§ Exercise description: Starting at the first line of the data below, retype every line up to and including the one containing "Piranha knives have".

Excerpts from a dataset:

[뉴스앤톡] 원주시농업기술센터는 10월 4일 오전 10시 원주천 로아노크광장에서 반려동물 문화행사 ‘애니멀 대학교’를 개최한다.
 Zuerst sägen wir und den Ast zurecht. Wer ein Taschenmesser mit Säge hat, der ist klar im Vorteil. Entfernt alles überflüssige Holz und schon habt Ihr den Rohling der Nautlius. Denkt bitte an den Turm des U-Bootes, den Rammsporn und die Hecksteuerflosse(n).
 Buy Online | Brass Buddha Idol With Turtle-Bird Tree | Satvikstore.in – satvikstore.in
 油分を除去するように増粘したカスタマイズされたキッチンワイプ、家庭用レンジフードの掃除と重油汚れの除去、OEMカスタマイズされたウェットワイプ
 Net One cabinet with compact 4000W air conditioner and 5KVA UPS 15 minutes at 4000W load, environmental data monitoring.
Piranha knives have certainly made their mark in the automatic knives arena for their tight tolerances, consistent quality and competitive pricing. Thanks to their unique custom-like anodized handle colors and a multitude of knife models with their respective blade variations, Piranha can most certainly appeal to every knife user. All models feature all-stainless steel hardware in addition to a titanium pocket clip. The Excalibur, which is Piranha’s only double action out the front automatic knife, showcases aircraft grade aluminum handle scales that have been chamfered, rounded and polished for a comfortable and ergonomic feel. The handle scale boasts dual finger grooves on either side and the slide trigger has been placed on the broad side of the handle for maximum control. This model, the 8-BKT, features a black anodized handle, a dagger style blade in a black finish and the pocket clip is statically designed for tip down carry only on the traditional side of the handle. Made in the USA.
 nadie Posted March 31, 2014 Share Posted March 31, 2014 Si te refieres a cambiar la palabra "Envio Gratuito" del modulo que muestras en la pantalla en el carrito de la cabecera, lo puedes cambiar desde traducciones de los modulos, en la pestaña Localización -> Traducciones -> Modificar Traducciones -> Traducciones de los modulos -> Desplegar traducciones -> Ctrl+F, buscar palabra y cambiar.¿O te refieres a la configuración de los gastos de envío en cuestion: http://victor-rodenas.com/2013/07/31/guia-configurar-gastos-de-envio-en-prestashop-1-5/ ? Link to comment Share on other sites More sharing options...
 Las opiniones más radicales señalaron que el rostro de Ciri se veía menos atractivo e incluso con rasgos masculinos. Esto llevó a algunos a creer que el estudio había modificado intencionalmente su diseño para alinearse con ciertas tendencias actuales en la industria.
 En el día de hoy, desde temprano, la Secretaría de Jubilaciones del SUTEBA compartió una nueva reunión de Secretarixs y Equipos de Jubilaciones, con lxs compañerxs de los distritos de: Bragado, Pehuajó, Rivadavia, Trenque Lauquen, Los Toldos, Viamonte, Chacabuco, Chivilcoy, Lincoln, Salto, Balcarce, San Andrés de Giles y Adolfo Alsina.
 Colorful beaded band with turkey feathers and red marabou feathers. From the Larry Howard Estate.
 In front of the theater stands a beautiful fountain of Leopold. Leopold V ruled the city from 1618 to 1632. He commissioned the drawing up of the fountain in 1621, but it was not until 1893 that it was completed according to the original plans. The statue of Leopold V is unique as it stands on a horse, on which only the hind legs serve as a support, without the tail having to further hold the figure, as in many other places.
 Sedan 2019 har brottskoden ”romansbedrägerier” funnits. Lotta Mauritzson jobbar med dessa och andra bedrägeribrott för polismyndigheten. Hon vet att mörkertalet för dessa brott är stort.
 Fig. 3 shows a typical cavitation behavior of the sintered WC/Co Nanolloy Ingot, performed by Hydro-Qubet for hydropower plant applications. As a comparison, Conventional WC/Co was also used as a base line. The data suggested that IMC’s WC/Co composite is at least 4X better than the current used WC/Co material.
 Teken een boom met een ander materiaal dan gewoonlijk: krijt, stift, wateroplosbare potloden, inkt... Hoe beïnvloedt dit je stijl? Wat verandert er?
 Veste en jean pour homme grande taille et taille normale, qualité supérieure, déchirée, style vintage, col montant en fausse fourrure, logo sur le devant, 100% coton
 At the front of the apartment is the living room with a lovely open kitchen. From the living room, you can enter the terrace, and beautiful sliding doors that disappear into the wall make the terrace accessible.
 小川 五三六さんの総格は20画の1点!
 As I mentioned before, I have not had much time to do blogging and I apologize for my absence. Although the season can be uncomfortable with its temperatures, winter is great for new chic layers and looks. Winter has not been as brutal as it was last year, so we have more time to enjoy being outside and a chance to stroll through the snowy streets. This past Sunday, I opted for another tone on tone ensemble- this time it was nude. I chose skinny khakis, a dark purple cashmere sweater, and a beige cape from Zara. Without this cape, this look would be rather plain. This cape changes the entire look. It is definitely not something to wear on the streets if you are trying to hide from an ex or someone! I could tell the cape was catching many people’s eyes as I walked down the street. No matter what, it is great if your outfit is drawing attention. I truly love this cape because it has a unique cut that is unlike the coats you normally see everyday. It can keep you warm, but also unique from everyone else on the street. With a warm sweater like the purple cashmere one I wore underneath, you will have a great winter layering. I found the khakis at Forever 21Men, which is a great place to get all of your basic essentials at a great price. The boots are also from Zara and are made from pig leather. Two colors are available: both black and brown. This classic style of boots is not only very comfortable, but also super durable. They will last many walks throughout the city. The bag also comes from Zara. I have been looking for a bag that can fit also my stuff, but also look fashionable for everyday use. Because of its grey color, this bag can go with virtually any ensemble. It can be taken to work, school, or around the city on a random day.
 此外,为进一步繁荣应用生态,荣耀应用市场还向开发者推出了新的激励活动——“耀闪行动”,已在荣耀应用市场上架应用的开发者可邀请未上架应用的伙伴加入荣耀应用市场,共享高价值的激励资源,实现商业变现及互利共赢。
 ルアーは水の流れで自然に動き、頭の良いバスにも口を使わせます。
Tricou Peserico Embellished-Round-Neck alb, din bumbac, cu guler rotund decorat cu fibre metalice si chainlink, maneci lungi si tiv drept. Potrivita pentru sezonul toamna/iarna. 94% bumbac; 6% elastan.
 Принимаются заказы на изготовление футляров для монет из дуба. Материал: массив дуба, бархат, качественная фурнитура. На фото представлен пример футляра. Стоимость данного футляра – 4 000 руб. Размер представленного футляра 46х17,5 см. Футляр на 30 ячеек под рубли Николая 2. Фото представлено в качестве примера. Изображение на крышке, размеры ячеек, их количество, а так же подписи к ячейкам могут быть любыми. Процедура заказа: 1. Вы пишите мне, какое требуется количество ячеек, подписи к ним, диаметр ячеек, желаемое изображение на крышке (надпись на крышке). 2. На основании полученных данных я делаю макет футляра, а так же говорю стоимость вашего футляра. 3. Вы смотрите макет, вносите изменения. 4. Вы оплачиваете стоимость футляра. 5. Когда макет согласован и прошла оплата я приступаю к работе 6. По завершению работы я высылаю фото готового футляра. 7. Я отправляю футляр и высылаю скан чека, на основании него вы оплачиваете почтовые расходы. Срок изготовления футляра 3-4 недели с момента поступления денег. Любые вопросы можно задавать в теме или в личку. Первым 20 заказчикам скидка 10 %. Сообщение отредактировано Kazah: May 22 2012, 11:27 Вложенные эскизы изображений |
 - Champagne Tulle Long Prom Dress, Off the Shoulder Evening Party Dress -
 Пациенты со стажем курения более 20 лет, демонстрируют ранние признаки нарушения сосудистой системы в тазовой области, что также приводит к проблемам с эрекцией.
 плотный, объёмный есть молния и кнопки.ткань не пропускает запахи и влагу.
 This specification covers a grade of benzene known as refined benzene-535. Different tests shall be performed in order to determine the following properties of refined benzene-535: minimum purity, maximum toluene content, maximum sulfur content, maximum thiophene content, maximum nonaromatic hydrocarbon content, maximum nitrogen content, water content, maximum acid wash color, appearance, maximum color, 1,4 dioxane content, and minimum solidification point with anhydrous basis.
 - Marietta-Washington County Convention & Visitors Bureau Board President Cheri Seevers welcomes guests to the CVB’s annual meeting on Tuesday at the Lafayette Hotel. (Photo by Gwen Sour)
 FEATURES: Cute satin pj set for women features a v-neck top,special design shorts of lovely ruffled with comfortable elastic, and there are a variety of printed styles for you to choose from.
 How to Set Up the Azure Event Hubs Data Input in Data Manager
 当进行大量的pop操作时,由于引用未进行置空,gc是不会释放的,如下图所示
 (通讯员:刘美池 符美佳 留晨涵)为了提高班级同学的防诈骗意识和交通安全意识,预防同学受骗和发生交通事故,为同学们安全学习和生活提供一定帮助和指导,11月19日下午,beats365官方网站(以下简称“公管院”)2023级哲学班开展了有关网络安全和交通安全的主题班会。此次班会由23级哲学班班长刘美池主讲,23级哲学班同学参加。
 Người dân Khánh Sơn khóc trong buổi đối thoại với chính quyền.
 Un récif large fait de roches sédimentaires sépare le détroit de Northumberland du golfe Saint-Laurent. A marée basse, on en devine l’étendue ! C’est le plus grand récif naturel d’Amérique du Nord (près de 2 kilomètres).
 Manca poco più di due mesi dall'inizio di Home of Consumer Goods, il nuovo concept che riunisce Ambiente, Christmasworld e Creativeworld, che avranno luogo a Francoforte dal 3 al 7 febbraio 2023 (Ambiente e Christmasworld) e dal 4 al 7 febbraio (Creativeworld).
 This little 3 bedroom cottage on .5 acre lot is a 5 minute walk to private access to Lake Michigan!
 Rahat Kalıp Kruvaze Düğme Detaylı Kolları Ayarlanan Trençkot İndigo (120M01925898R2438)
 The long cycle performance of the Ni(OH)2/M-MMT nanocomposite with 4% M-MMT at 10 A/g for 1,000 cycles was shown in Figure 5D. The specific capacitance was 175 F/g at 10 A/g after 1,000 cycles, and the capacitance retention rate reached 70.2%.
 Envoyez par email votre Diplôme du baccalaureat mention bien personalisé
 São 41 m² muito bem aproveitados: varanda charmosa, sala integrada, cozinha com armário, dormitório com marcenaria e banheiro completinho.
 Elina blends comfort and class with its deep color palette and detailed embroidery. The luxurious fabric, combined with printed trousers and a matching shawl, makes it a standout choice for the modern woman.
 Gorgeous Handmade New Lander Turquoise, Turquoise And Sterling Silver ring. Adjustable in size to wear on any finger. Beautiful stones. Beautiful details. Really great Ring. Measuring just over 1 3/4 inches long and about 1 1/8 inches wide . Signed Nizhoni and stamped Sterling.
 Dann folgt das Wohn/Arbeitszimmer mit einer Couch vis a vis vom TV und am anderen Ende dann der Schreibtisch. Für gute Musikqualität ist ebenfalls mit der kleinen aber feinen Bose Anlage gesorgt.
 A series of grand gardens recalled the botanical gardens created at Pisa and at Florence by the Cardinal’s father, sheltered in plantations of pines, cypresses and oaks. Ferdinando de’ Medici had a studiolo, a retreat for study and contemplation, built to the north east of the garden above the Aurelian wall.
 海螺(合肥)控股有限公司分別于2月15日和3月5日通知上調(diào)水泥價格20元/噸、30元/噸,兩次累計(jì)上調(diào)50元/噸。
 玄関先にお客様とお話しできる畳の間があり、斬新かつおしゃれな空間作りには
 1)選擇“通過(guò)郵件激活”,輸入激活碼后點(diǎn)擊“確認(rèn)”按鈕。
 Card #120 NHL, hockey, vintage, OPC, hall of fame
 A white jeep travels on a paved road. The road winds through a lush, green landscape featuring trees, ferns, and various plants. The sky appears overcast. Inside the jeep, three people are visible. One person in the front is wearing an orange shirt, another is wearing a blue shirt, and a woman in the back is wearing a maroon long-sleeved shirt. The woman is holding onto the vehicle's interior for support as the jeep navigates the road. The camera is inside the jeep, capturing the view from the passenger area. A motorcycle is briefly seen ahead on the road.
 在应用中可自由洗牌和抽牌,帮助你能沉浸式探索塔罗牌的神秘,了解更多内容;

§ Exercise answer:
[뉴스앤톡] 원주시농업기술센터는 10월 4일 오전 10시 원주천 로아노크광장에서 반려동물 문화행사 ‘애니멀 대학교’를 개최한다.
 Zuerst sägen wir und den Ast zurecht. Wer ein Taschenmesser mit Säge hat, der ist klar im Vorteil. Entfernt alles überflüssige Holz und schon habt Ihr den Rohling der Nautlius. Denkt bitte an den Turm des U-Bootes, den Rammsporn und die Hecksteuerflosse(n).
 Buy Online | Brass Buddha Idol With Turtle-Bird Tree | Satvikstore.in – satvikstore.in
 油分を除去するように増粘したカスタマイズされたキッチンワイプ、家庭用レンジフードの掃除と重油汚れの除去、OEMカスタマイズされたウェットワイプ
 Net One cabinet with compact 4000W air conditioner and 5KVA UPS 15 minutes at 4000W load, environmental data monitoring.
Piranha knives have certainly made their mark in the automatic knives arena for their tight tolerances, consistent quality and competitive pricing. Thanks to their unique custom-like anodized handle colors and a multitude of knife models with their respective blade variations, Piranha can most certainly appeal to every knife user. All models feature all-stainless steel hardware in addition to a titanium pocket clip. The Excalibur, which is Piranha’s only double action out the front automatic knife, showcases aircraft grade aluminum handle scales that have been chamfered, rounded and polished for a comfortable and ergonomic feel. The handle scale boasts dual finger grooves on either side and the slide trigger has been placed on the broad side of the handle for maximum control. This model, the 8-BKT, features a black anodized handle, a dagger style blade in a black finish and the pocket clip is statically designed for tip down carry only on the traditional side of the handle. Made in the USA.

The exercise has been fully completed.